(Beginning of Provided records)

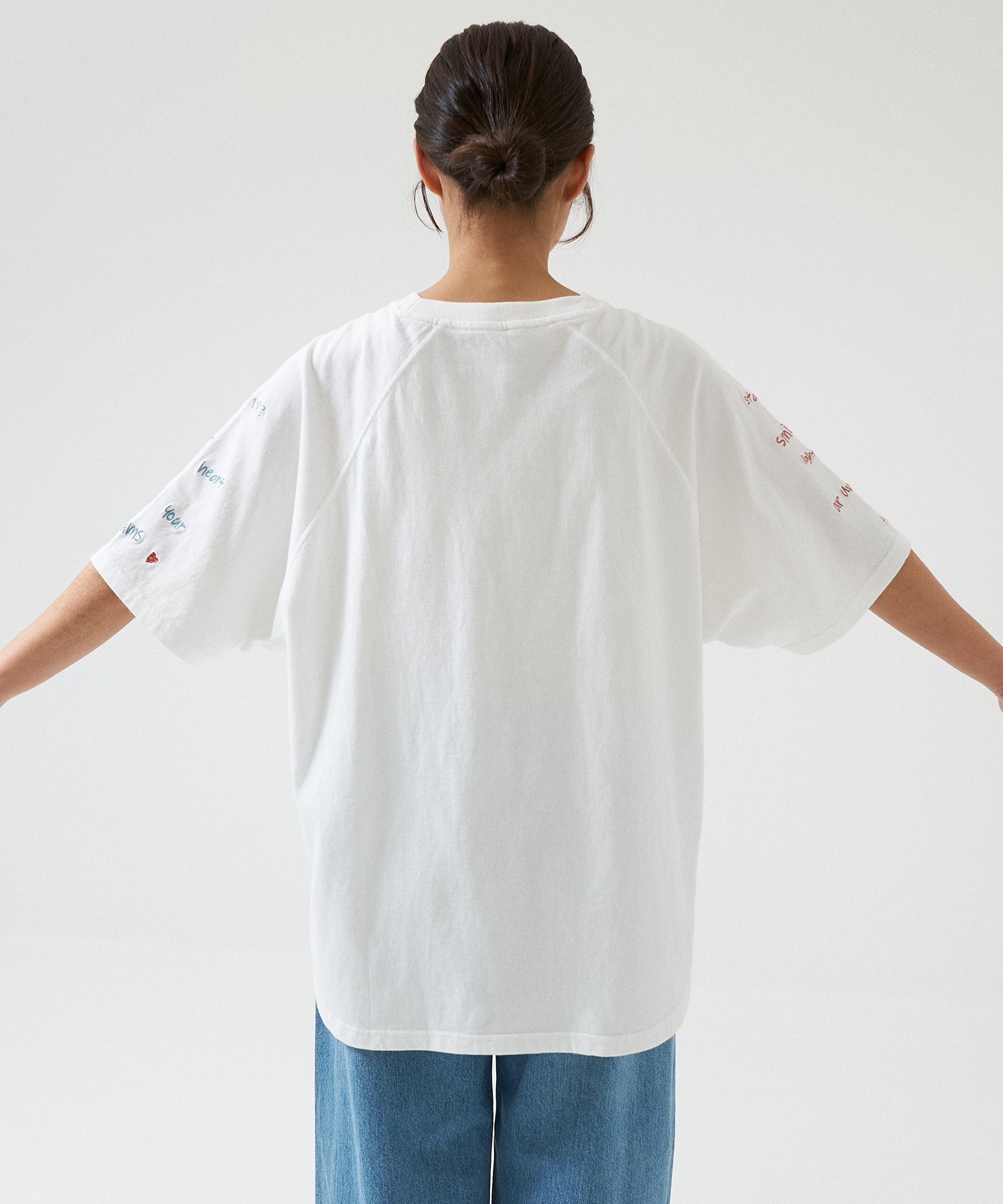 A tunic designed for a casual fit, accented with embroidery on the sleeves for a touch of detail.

(End of Provided records)
(Beginning of Provided records)

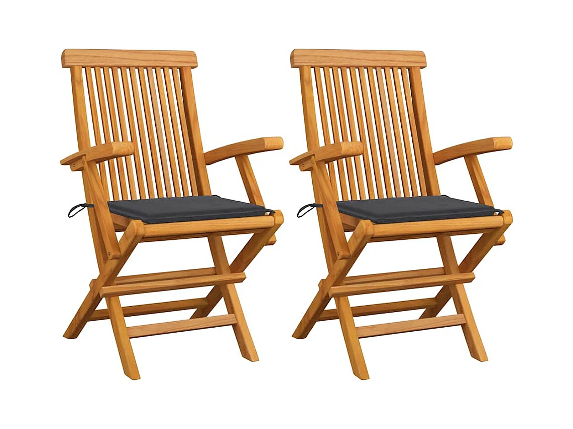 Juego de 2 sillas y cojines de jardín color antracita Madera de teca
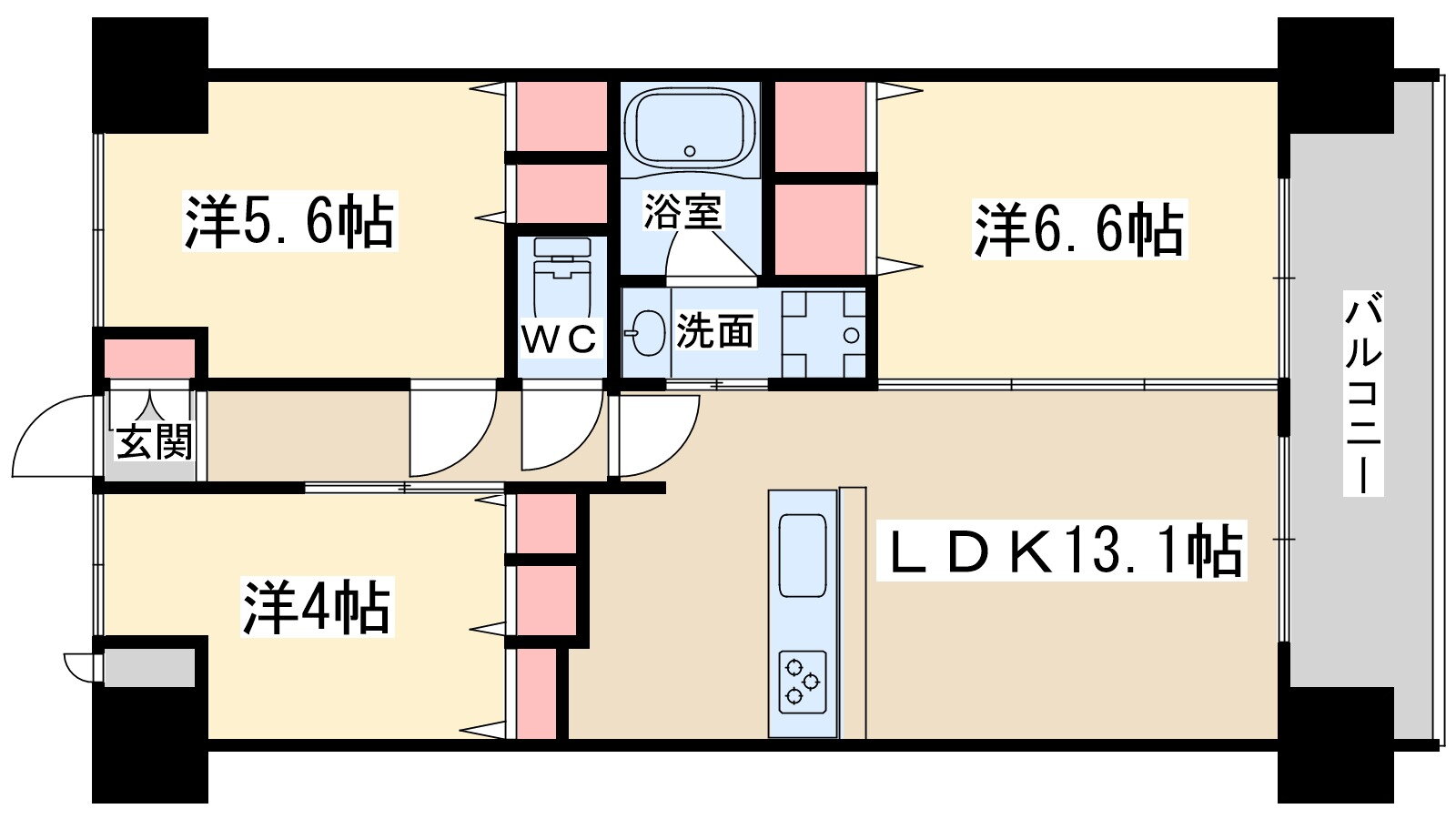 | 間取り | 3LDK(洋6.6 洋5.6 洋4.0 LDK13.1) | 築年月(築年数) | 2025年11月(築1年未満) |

(End of Provided records)
(Beginning of Provided records)

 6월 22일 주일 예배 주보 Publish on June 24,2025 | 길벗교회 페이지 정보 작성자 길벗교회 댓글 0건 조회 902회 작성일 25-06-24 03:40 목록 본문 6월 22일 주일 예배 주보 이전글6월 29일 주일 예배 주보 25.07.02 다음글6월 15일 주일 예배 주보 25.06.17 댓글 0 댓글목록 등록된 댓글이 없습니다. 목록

(End of Provided records)

Assigned task » Take only the lines above from the one that has "Juego de 2 sillas" through the one that has "築年月(築年数) | 2025年11月(築1年未満) |" and reproduce them exactly, omitting any pictures.

Response to this task »
 Juego de 2 sillas y cojines de jardín color antracita Madera de teca
 | 間取り | 3LDK(洋6.6 洋5.6 洋4.0 LDK13.1) | 築年月(築年数) | 2025年11月(築1年未満) |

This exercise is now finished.